Work to be completed - Pictures aside, write out the data exactly as it reads.

Source data -
::::

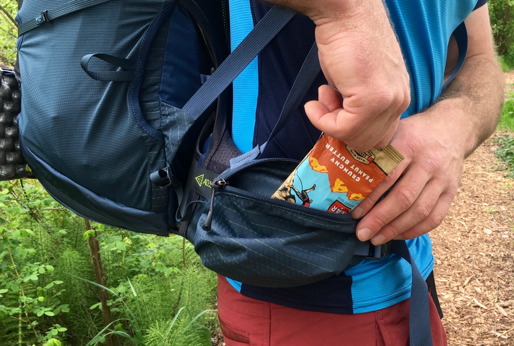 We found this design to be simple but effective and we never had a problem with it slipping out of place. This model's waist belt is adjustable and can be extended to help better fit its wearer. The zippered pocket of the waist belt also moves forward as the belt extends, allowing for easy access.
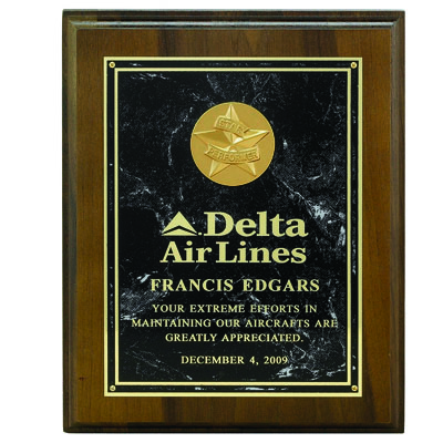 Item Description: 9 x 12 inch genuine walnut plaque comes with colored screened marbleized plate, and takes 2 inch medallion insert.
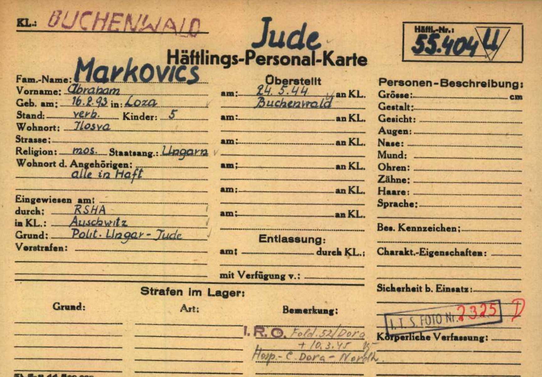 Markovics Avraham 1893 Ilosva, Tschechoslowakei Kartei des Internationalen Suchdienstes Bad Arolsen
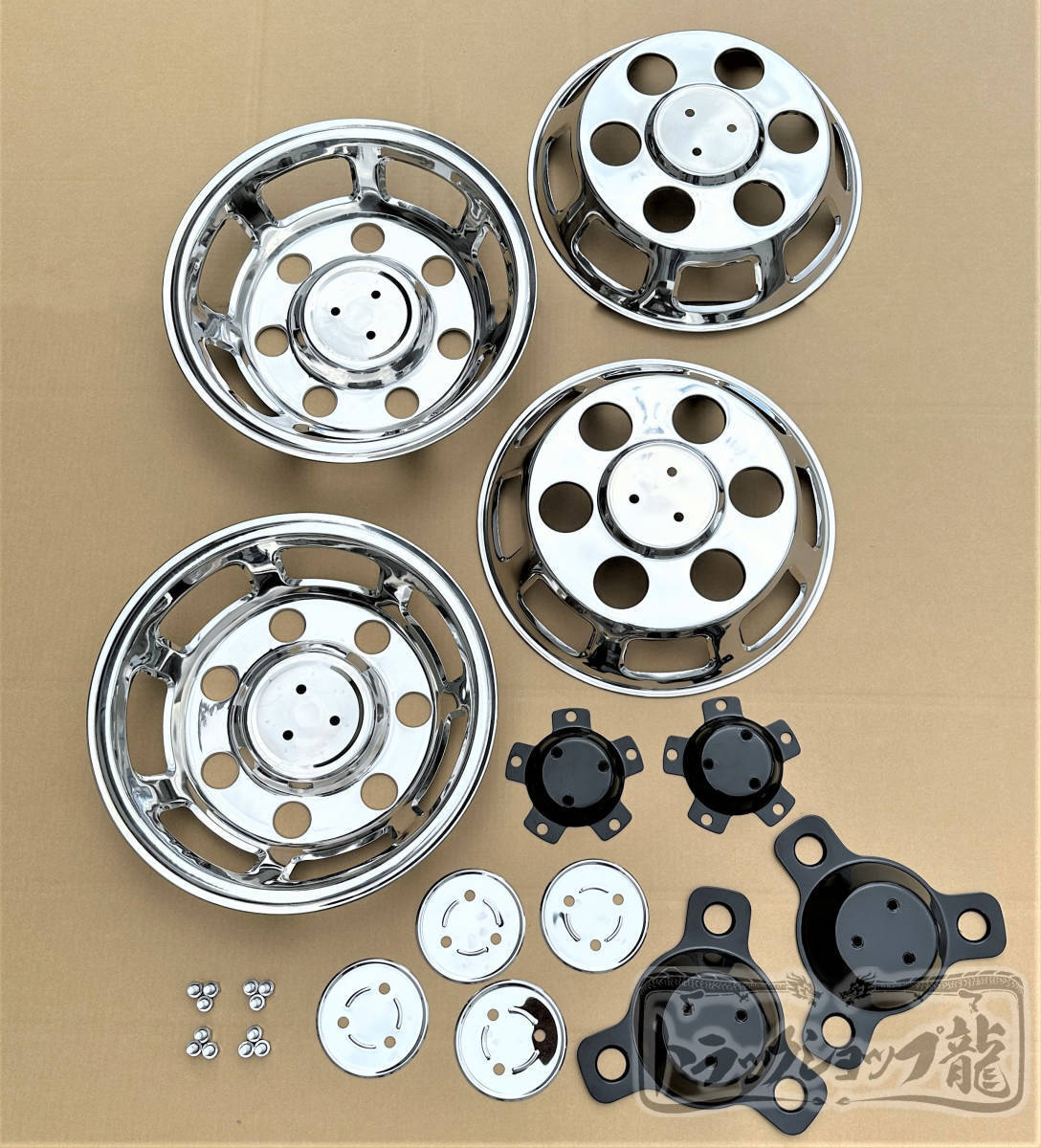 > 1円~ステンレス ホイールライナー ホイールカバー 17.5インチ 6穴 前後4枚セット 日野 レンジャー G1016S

::::

Answer to this problem -
 We found this design to be simple but effective and we never had a problem with it slipping out of place. This model's waist belt is adjustable and can be extended to help better fit its wearer. The zippered pocket of the waist belt also moves forward as the belt extends, allowing for easy access.
 Item Description: 9 x 12 inch genuine walnut plaque comes with colored screened marbleized plate, and takes 2 inch medallion insert.
 Markovics Avraham 1893 Ilosva, Tschechoslowakei Kartei des Internationalen Suchdienstes Bad Arolsen
 > 1円~ステンレス ホイールライナー ホイールカバー 17.5インチ 6穴 前後4枚セット 日野 レンジャー G1016S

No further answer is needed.